### RECORDS TO USE
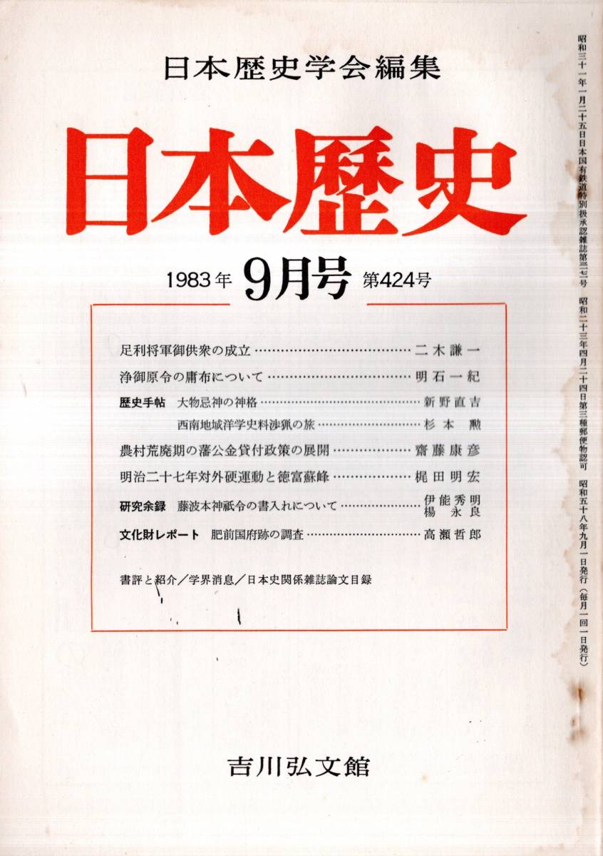 - ※日本歴史第424号 足利将軍御供衆の成立=二木謙一・大物忌神の神格=新野直吉・藤波本神祇令の書入れについて=伊能秀明、楊永良等古書
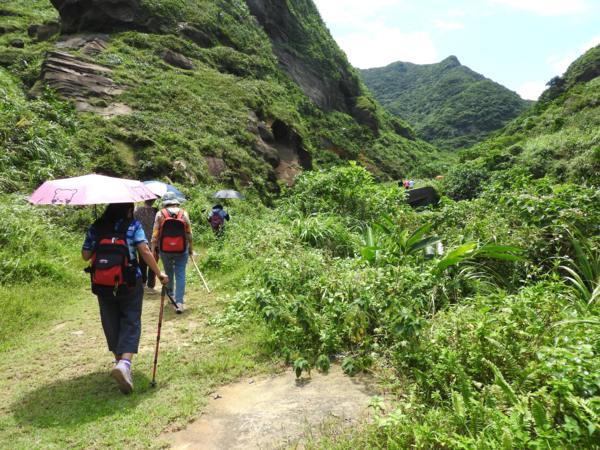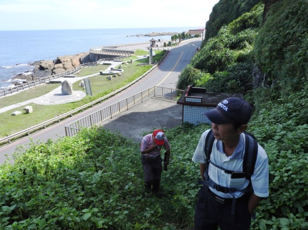 12:56 抵九濱公路後轉入濱二路77之1號民宅巷子往回走(領隊阿伯本想帶隊走向九份,但考量天氣炎熱,改變主意)
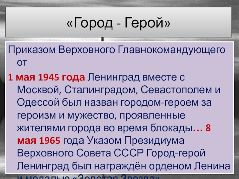 городом-героем за героизм и мужество, проявленные жителями города во время блокады… 8 мая 1965 года Указом Президиума Верховного Совета СССР Город-герой Ленинград был награждён орденом Ленина и медалью «Золотая Звезда».
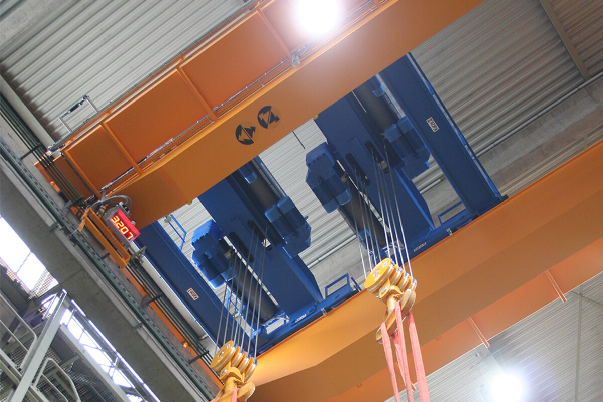 ABUS double girder crane ZLK with two hoists at pump manufacturer KSB
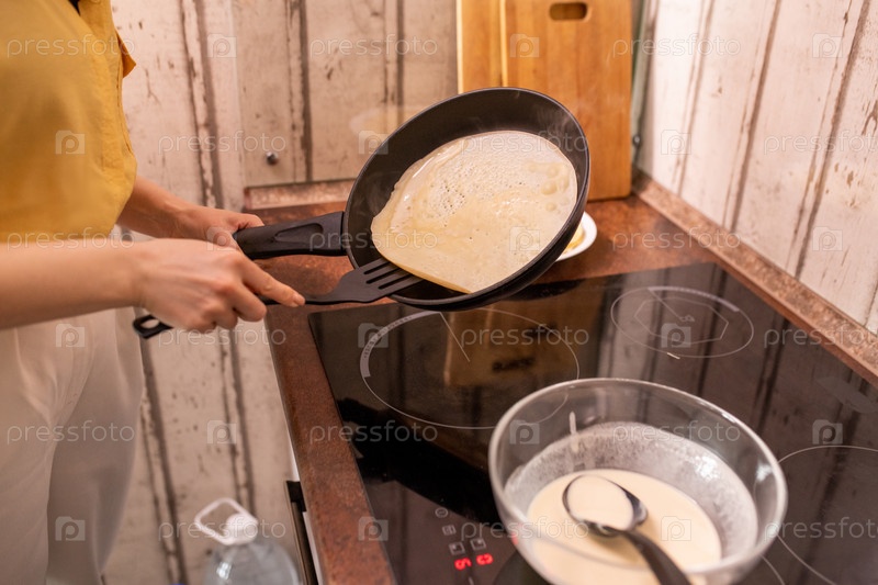 Молодая домохозяйка со сковородкой над электрической печью, готовящая на кухне
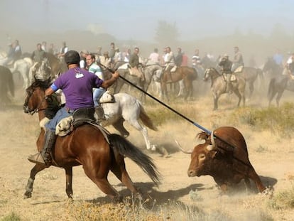 Tordesillas ha acogido una nueva edición del torneo del toro de La Vega entre las protestas de un centenar de antitaurinos. Dos personas han sido víctimas de sendas cogidas, entre ellas el fotógrafo de AFP Pedro Armestre.
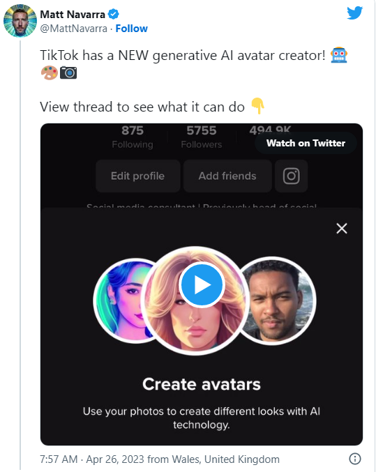 它看起来像Prisma Labs的Lensa应用程序,但新功能将内置于TikTok中,这意味着用户可以在他们的个人资料上拥有AI生成的头像。
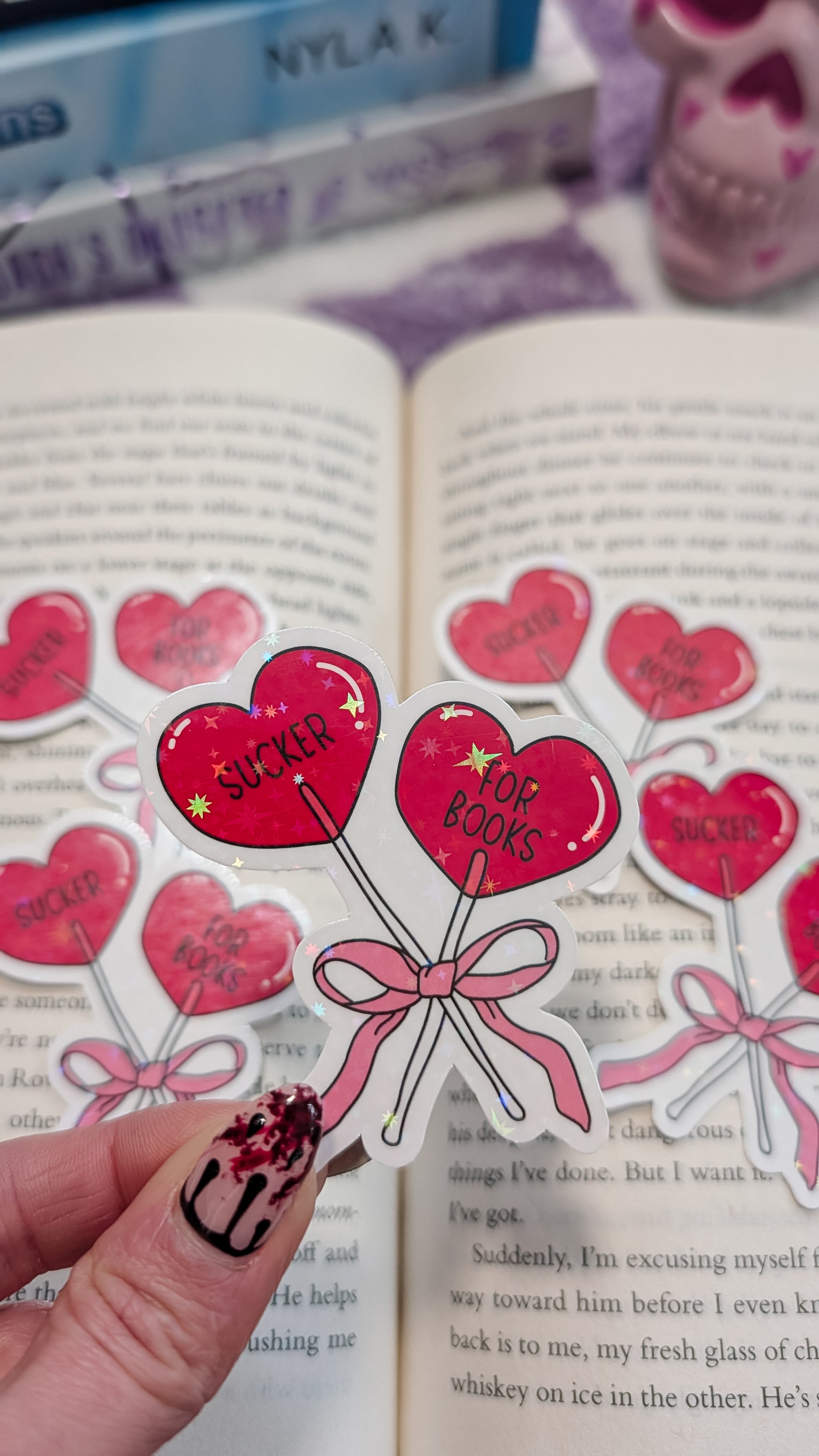 Bookish Valentine's day sticker (holographic)
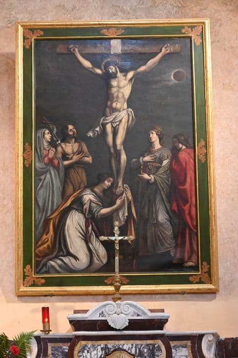 tableau : Le Christ en croix entre la sainte Vierge, saint Jean-Baptiste, sainte Madeleine, sainte Catherine et saint Jean
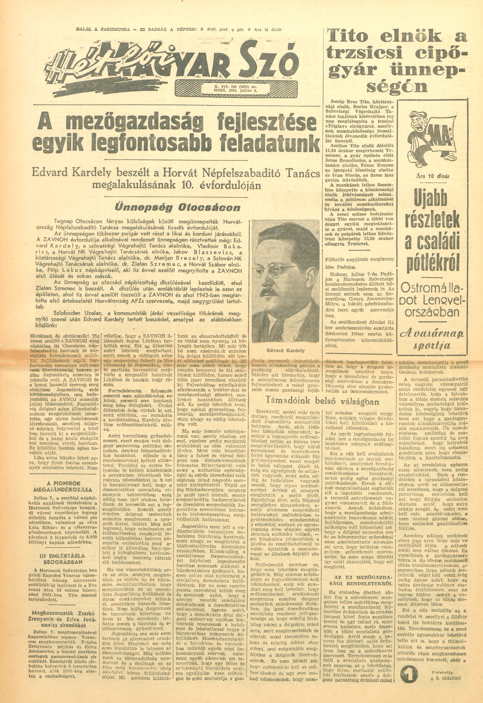 Magyar Szó, 10. évf. 1953. július 6. 184. sz. 1–8. oldal
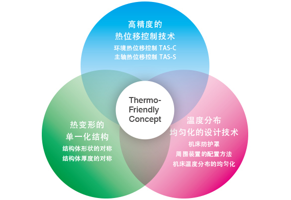 Thermo-Friendly Concept本着“接受温度变化”的独特的构思,使得用户不必采取特殊措施,便能在一般的工厂环境中实现高精度加工。
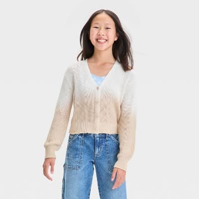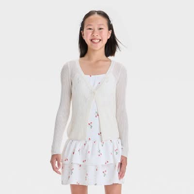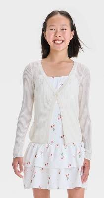 Cat & Jack Girls' Open Cardigan, XL, Cream
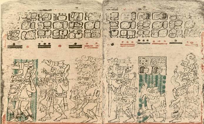 D44(65)а, i. <9 (дней) до 12 (числа)>. <…> к Женщине пришёл в небеса дождливый Чаак; у белого столпа Маисовый. 11 (дней) до 1 (числа).
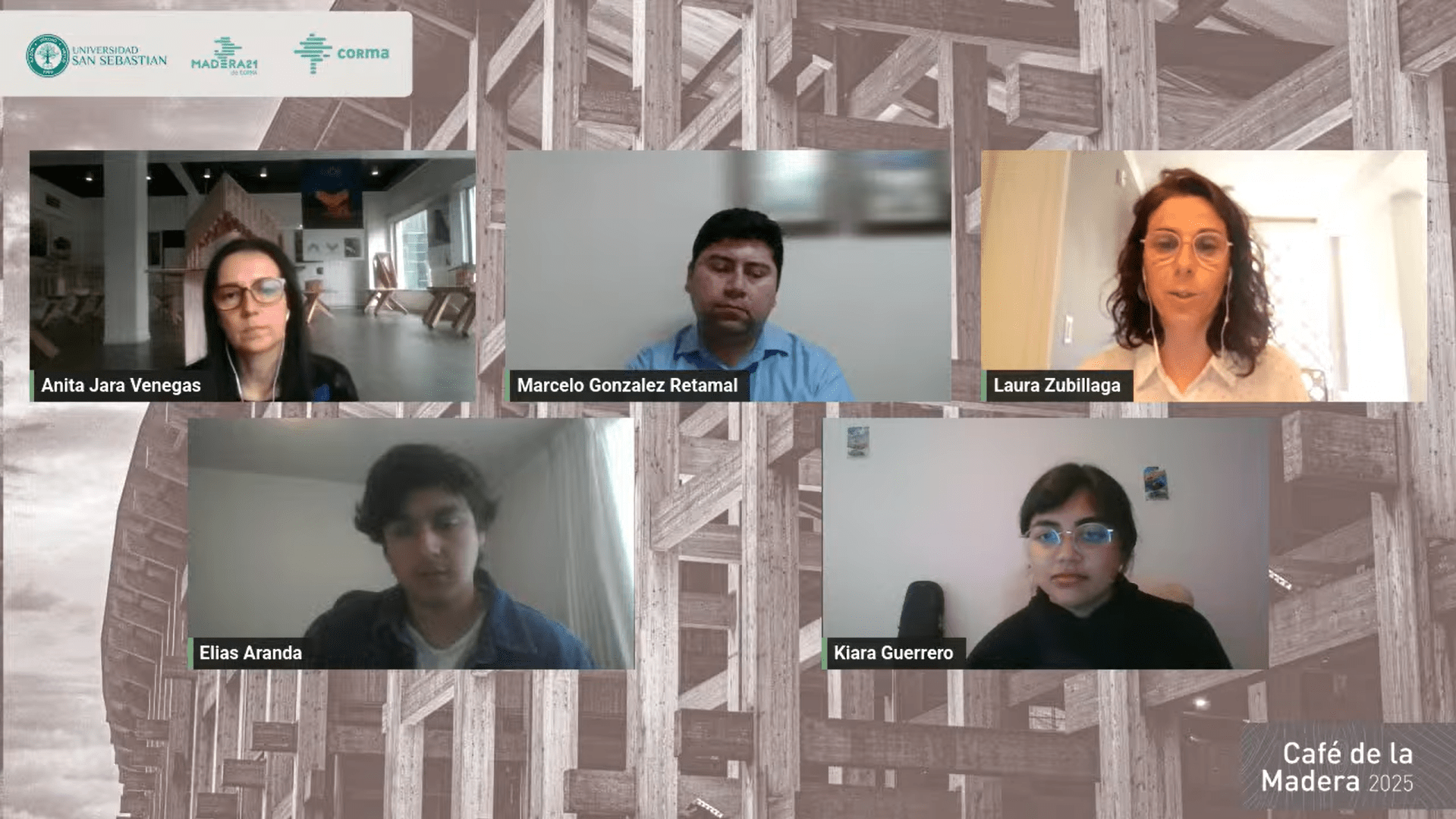 Panel de conversación: Laura Zubillaga – Wood Program, Universidad Aalto; Anita Jara y Marcelo González – Escuela Arquitectura, Universidad San Sebastián, Concepción, Kiara Guerrero y Elías Aranda, Estudiantes de arquitectura USS, Concepción,
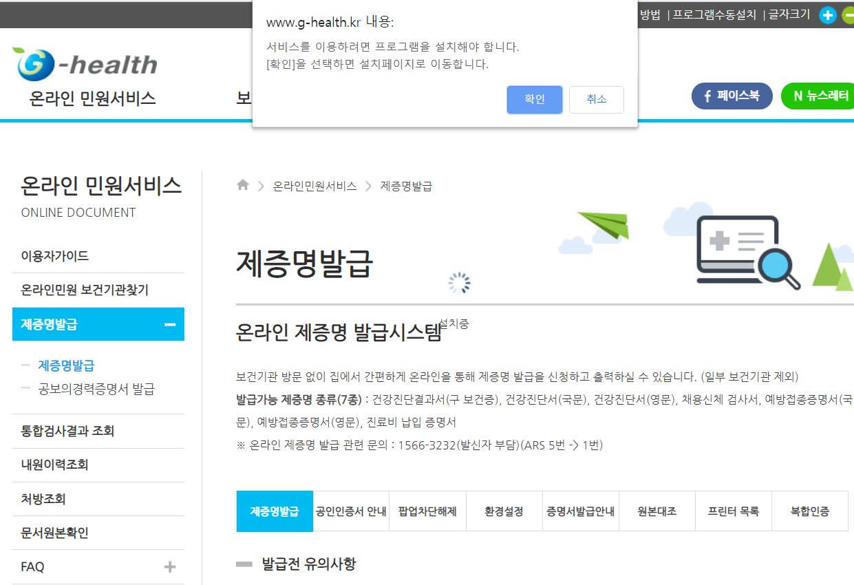 3. "제증명발급" 클릭 시 필요 프로그램 설치 안내나옵니다.
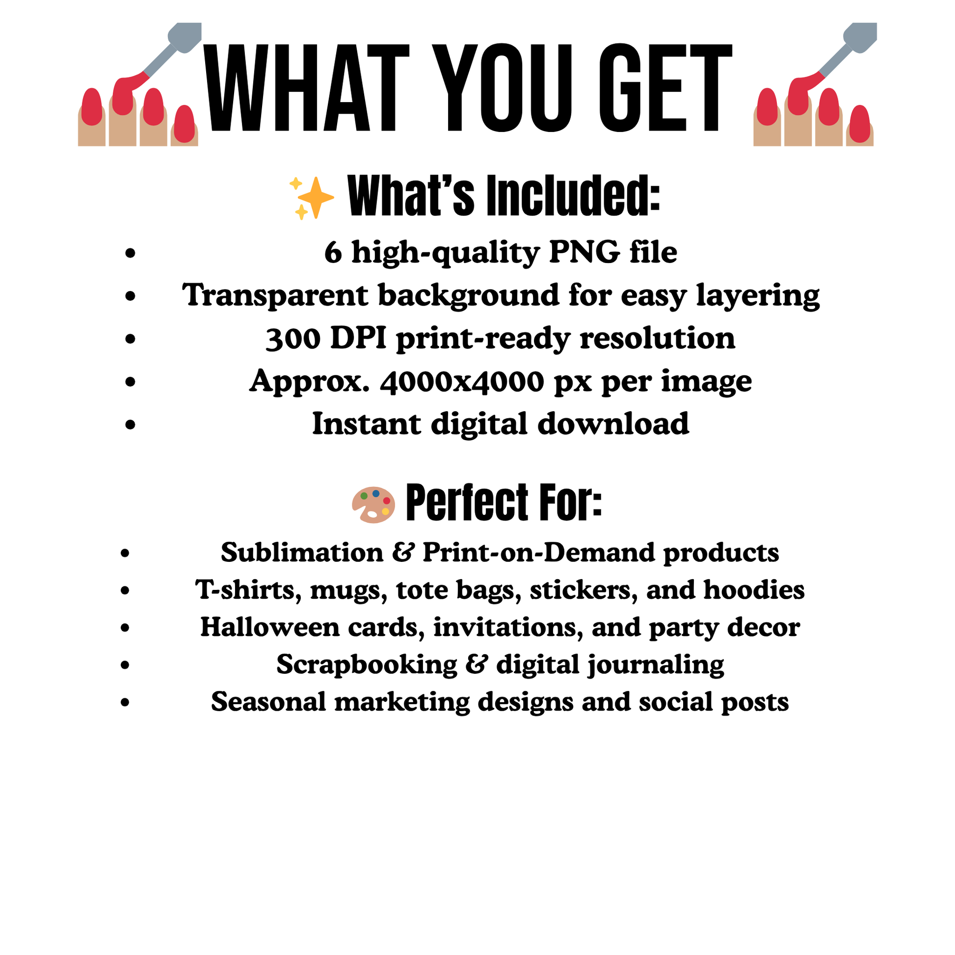 Not allowed: resell or share the raw PNGs, claim the artwork as your own, add to clipart/element packs, or use with any “printable marketplace” that redistributes the art as standalone files. POD is allowed when your design is a flattened composition (not extractable).

### YOUR TASK
The lines needed run from the first line of the records through the line containing "Tordesillas ha acogido", both included. Restate them word for word, without pictures.

### YOUR SOLUTION
 - ※日本歴史第424号 足利将軍御供衆の成立=二木謙一・大物忌神の神格=新野直吉・藤波本神祇令の書入れについて=伊能秀明、楊永良等古書
 12:56 抵九濱公路後轉入濱二路77之1號民宅巷子往回走(領隊阿伯本想帶隊走向九份,但考量天氣炎熱,改變主意)
 городом-героем за героизм и мужество, проявленные жителями города во время блокады… 8 мая 1965 года Указом Президиума Верховного Совета СССР Город-герой Ленинград был награждён орденом Ленина и медалью «Золотая Звезда».
 ABUS double girder crane ZLK with two hoists at pump manufacturer KSB
 Молодая домохозяйка со сковородкой над электрической печью, готовящая на кухне
 Tordesillas ha acogido una nueva edición del torneo del toro de La Vega entre las protestas de un centenar de antitaurinos. Dos personas han sido víctimas de sendas cogidas, entre ellas el fotógrafo de AFP Pedro Armestre.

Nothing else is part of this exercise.